The solicitation is not a request for bids or a promise of business. It is—so far, at least—just an invitation for companies to provide information and a look at the state of the art in 21st-century ship surface preparation technologies.
Portability, Safety
The Navy wants nimbler, lighter, cleaner methods.
“The primary objective would be to stress technology that can be made portable (backpack wearable or on wheels) and easy for sailors to operate, with all units utilizing a handheld coating removal / surface preparation device and, where feasible, may incorporate a protective vacuum cone or shroud for both collection of hazardous waste and isolation of particles from contact with sailors and ship systems,” the solicitation says.

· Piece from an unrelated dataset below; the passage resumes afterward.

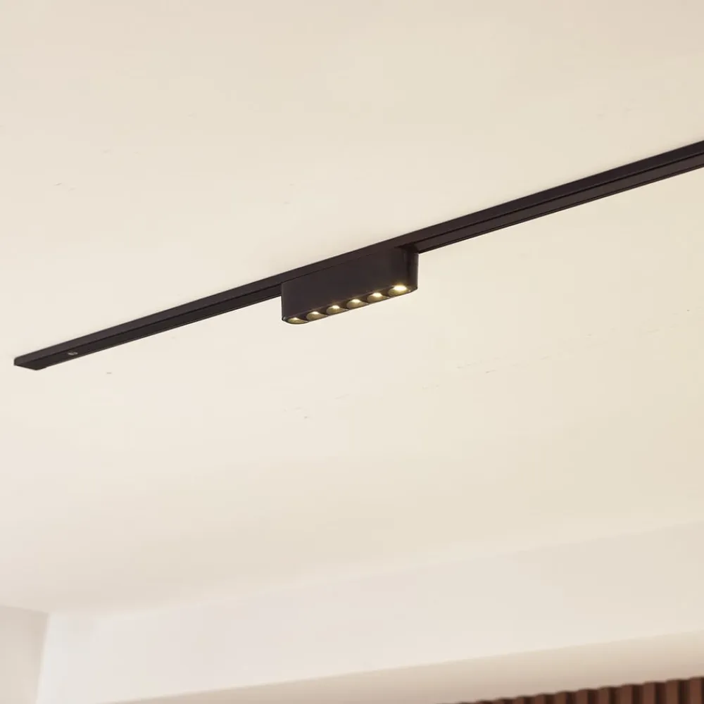 6 lyskilder til Lumaro-serien – moderne belysning til indendørs områder Lumaro LED-skinnelampen er en elegant belysningsløsning, der kombinerer moderne æstetik med funktionel fleksibilitet. Lumaros integrerede LED-lyskilde sikrer energieffektiv belysning, der ikke kun sparer på elregningen, men også imponerer med sin lange levetid. Den styrbare lysfarve (CCT) gør det muligt at justere lysfarven efter behov, så der kan skabes forskellige stemninger og atmosfærer – fra varme toner til en hyggelig aftenstemning til køligere nuancer til koncentreret arbejde. Den kan også dæmpes til fire niveauer (10 %, 20 %, 50 % og 75 %). Både dæmpningsfunktionen og CCT-funktionen styres ved hjælp af en fjernbetjening, som ikke medfølger, men kan købes separat som tilbehør. Lumaro LED-skinnesystemet kan integreres i skinnesystemet af samme navn og giver mulighed for ukompliceret og enkel installation. Det giver også utallige designmuligheder med ekstra skinne- og belysningselementer, der giver maksimal fleksibilitet og kan udvides på et senere tidspunkt – skal kombineres med 48V Lumaro LED-driveren for at fungere Bemærk, at Lumaro skinnesystemet kun er kompatibelt med tilbehør fra Lumaro-sortimentet. For at undgå forveksling med andre systemer må du kun kombinere tilbehør og skinnesystemer fra serien med samme navn.

“Technologies do not have to be presently at such a readiness level for shipboard implementation but have an identifiable, realistic path.”
Mundane and Archaic
The solicitation calls corrosion-related surface preparation and repair on Navy ships “a time-consuming and mundane task for many sailors.”
The job typically requires “archaic mechanical tools (e.g., needle guns, chipping hammers and metal grinders) to remove areas of coatings, rust and salt with the goal of generating a clean and corrosion-free metal surface.”
But mundane does not mean unimportant, the Navy notes. To the contrary, it cites information by both SSPC and NACE in declaring poor or improper surface preparation “the major cause for premature coating failure.”